Gizli mükemmeliyetçiler
Bir de gizli mükemmeliyetçiler vardır. Başarısız olmaktan o kadar korkarlar ki kendileri için yüksek standartlar belirlemek yerine, olabildiğince ortalama olanı seçerler. İçten içe başarılı olmak isteseler bile rekabet olan ortamlarda başarısızlıkla yüzleşmektense kendi kendilerini sabote ederler. Yani başarısızlığı kendi elleriyle seçerler.
Mükemmeliyetçilik her ne kadar mükemmel olmaya uğraşma, mükemmellik de mutlulukla özdeşleştirilse bile mükemmellik bir illüzyon olduğu ve ona asla ulaşılamayacağı için mutsuzluk, yetersizlik, eksiklik, başarısızlık duygularını beraberinde getirir.
Sebepleri nelerdir?
Mükemmeliyetçiliğin başlıca sebepleri arasında, yüksek hedefleri olan ve/veya eleştirel ebeveynlerin olduğu bir evde büyümek, kazanılan başarılar için fazlasıyla ödüllendirilmek ya da abartılı biçimde takdir edilmek, kendilik değeri problemleri ve insanın kendi değerini sadece sahip oldukları üzerinden belirlemesi, kontrolcü kişilik yapısı ve toplumsal beklentiler sayılabilir.
Ne yapabilirsiniz?
Öncelikle hatırlamanız gereken şey, mükemmel diye bir şeyin var olmadığı. Diyelim ki mükemmel diye bir şey var ve ona ulaştınız; mükemmele ulaşmanın sizi mutlu etmeyeceğinden emin olabilirsiniz. İnsanlar kusursuz gözükene hayran olur ama kendilerine benzeyene yakınlık hisseder. Dolayısıyla, kimse kusursuz, mükemmel bir insanla arkadaş ya da sevgili olmak istemez. Yani kusursuzluğun kabul görüp onaylandığı düşüncesi her durum için geçerli değildir.

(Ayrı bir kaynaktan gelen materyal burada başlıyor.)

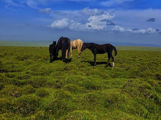 成群骏马成为夏日草原上的一道风景
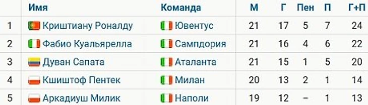 Роналду обогнал Дувана Сапату из «Аталанты» (15 голов в 21 матче) и Фабио Куальяреллу из «Сампдории» (16 голов в 21 игре) и вышел на первое место в списке бомбардиров.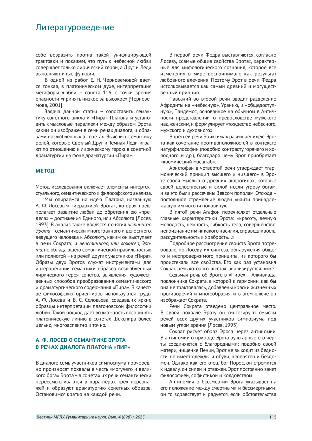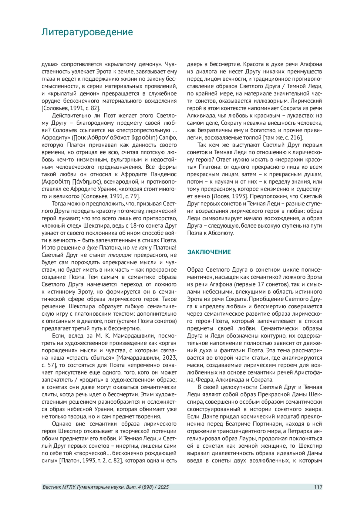Публикация - первая часть исследования, в котором сопоставляется семантика образов возлюбленных шекспировских сонетов и образа Эрота в диалоге Платона «Пир». Метафизический смысл образов Светлого Друга и Темной Леди исследователи обычно интерпретируют как антитезу двух Афродит из речи Павсания. Наша цель - показать, что поэт использует платоновские смыслы более сложно и разнообразно, наделяя сонетных персонажей свойствами Эрота, истинного и ложного, из всех речей диалога, что ведет к полисемантичности, коллажности образов героев, смене их масок из сонета в сонет. Обращение к трудам А. Ф. Лосева и В. С. Соловьева дает возможность расширить рецептивный контекст шекспировских персонажей, по новому интерпретировать их соотношение и функции в платонической перспективе.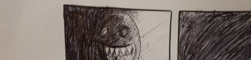 Les 4e ont travaillé sur le clair obscur et ont « usé » leur stylo bic noir avec un travail de hachures pour répondre à l’incitation : MON MONSTRE SORT DE L’OBSCURITÉ.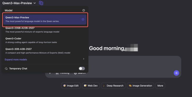 目前,Qwen3-Max-Preview已经可以体验,只需在模型下拉选项中选择即可:
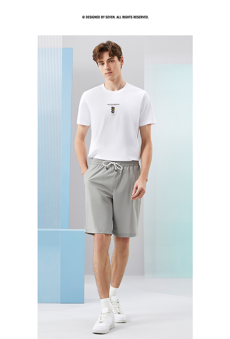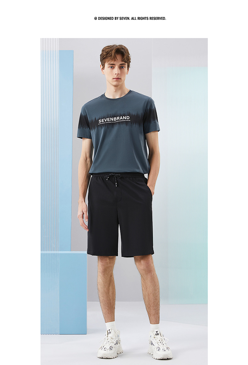 柒牌男士休闲短裤2024夏季新款时尚潮流中青年条纹印花直筒男裤子 126H72750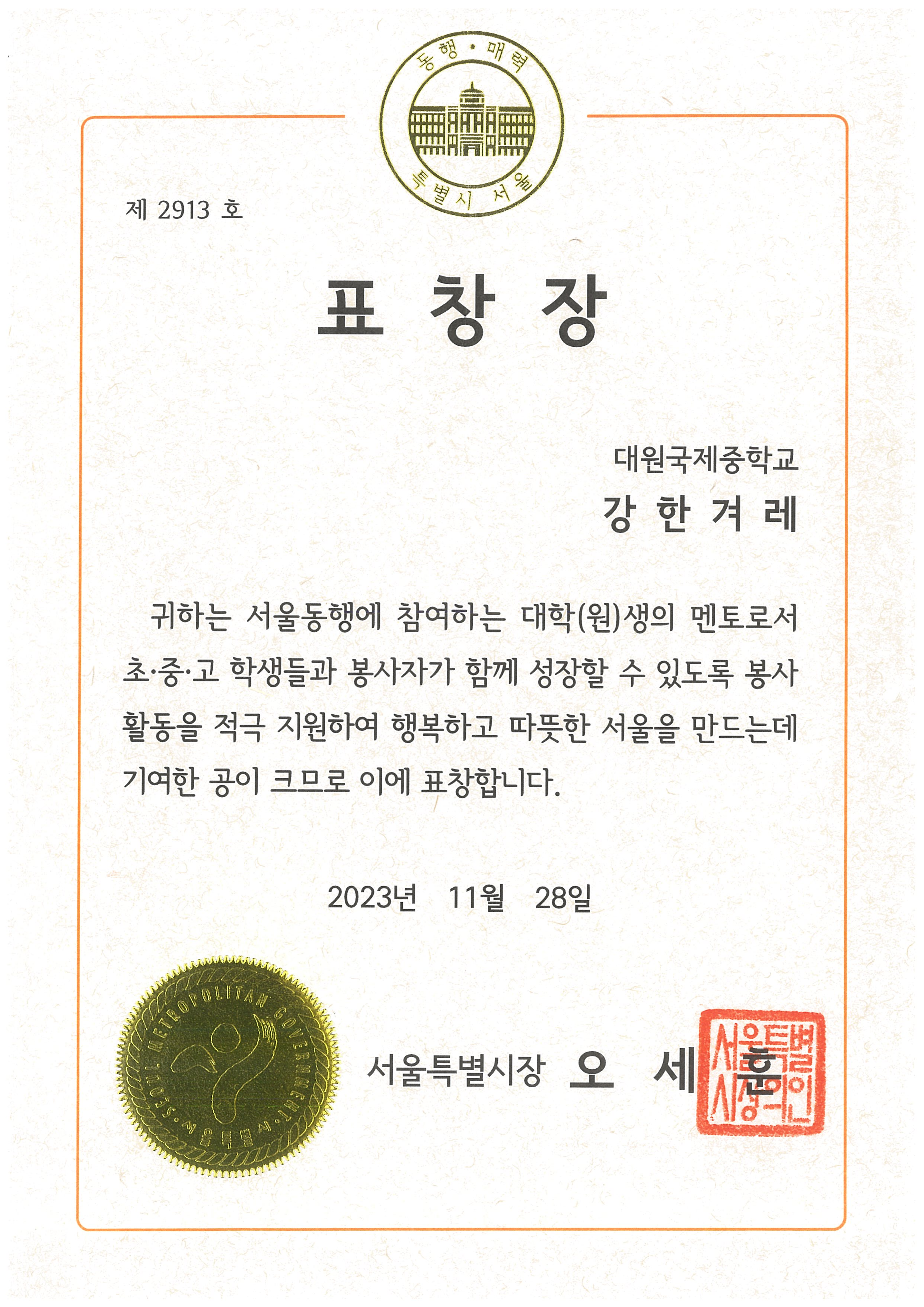 ´ë¿ø±¹Á¦ÁßÇб³ ¹× °­ÇѰܷ¹¼±»ý´ÔÀÌ ¼­¿ïµ¿Çà ǥâÀ» ¼ö»óÇÏ¿´½À´Ï´Ù.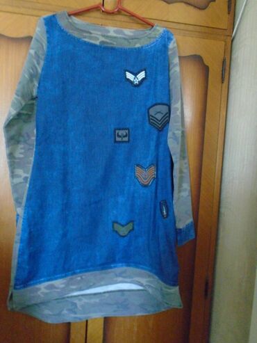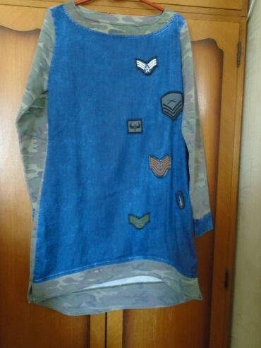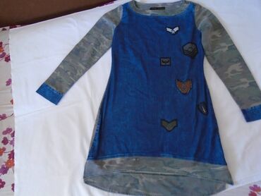 Zanimljiva sportska kao duks haljina, proizvedena u Turskoj, napred teksas sa aplikacijama, pozadi masakirni materijal koji deluje kao ispran, iako je haljina jednom ili nijednom nošena i oprana. Tako je izgledala i kad je kupljena. Naznačena je L veličina. Veoma praktična i prijatna za nošenje.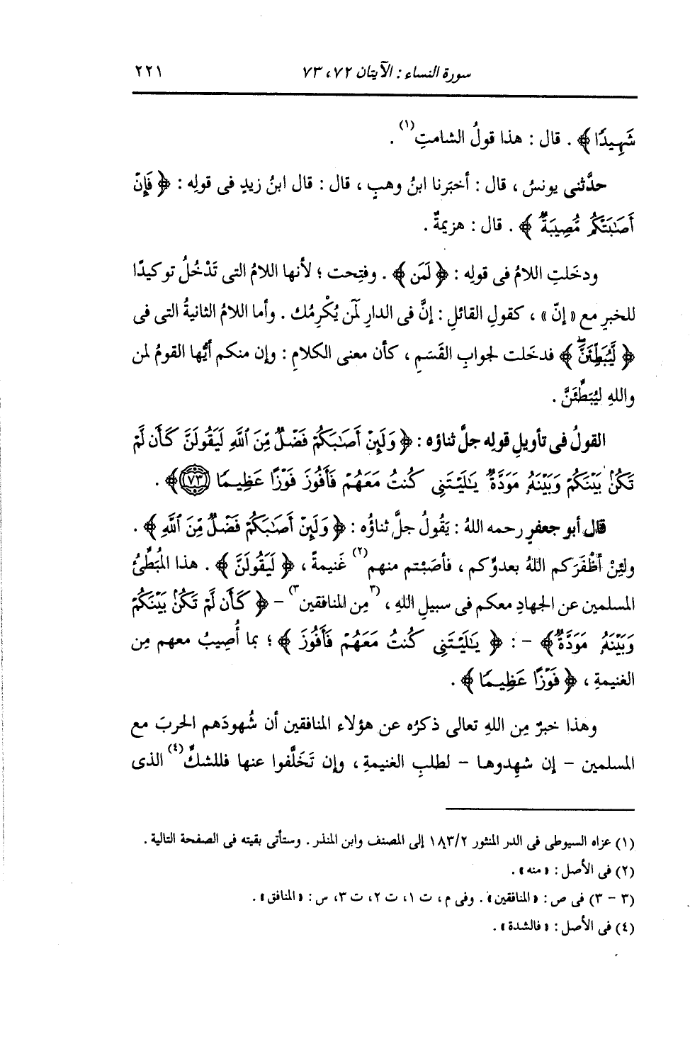 §الْقَوْلُ فِي تَأْوِيلِ قَوْلِهِ تَعَالَى: {وَلَئِنْ أَصَابَكُمْ فَضْلٌ مِنَ اللَّهِ لَيَقُولَنَّ كَأَنْ لَمْ تَكُنْ بَيْنَكُمْ وَبَيْنَهُ مَوَدَّةٌ يَا لَيْتَنِي كُنْتُ مَعَهُمْ فَأَفُوزَ فَوْزًا عَظِيمًا} [النساء: 73] يَقُولُ جَلَّ ثَنَاؤُهُ: {وَلَئِنْ أَصَابَكُمْ فَضْلٌ مِنَ اللَّهِ} [النساء: 73] وَلَئِنْ أَظْفَرَكُمُ اللَّهُ بِعَدُوِّكُمْ , فَأَصَبْتُمْ مِنْهُمْ غَنِيمَةً {لَيَقُولَنَّ} [النساء: 73] هَذَا الْمُبَطِّئُ الْمُسْلِمِينَ عَنِ الْجِهَادِ مَعَكُمْ فِي سَبِيلِ اللَّهِ الْمُنَافِقُ {كَأَنْ لَمْ تَكُنْ بَيْنَكُمْ وَبَيْنَهُ مَوَدَّةٌ يَا لَيْتَنِي كُنْتُ مَعَهُمْ فَأَفُوزَ} [النساء: 73] بِمَا أُصِيبُ مَعَهُمْ مِنَ الْغَنِيمَةَ {فَوْزًا عَظِيمًا} [النساء: 73] وَهَذَا خَبَرٌ مِنَ اللَّهِ تَعَالَى ذِكْرُهُ عَنْ هَؤُلَاءِ الْمُنَافِقِينَ أَنَّ شُهُودَهُمُ الْحَرْبَ مَعَ الْمُسْلِمِينَ إِنْ شَهِدُوهَا لِطَلَبِ الْغَنِيمَةِ , وَإِنْ تَخَلَّفُوا عَنْهَا فَلِلشَّكِّ الَّذِي

Aslında hayatı dolu dolu yaşamak, mükemmel bir hayata sahip olmak değil, anlatacak birçok hikâyeye sahip olmaktır. İlginç, dinlenilesi hikayeler ise inişli çıkışlıdır. İnsana insan olduğunu hatırlatacak birçok detay barındırır. Düşe kalka ilerler. Tüm o hikayeleri kusursuz yapan kusur olduğuna inanılan detaylar içermesidir. Dolayısıyla, insanın insan olduğunu kabul etmesi ve hata yapabileceğiyle barışması gerekir.
Mükemmeliyetçiliğin üstesinden gelmek için sizin için mükemmel tanımının ne olduğunu somutlaştırın. Kendiniz için gerçekçi hedefler koyun. Sosyal medyada görünenin sadece gösterilmek istenen olduğunu, hiç kimsenin hayatının mükemmel olmadığını, yani kimsenin sonsuza kadar mutlu yaşamadığını kendinize hatırlatın. Ve tabii kusursuz olmaya çalışmaktansa, kusurlu olduğunuzu düşündüğünüz bir hayatı yönetmenin daha büyük bir güç olduğunu unutmayın.
Hep atlanılan bir gerçek; aslında diğer insanlara ilham veren kusursuzluk değil, sıradan olanı kabullenebilmeyi başarmaktır. Ne kadar unutturulmaya çalışılsa da aklınızda bulunsun.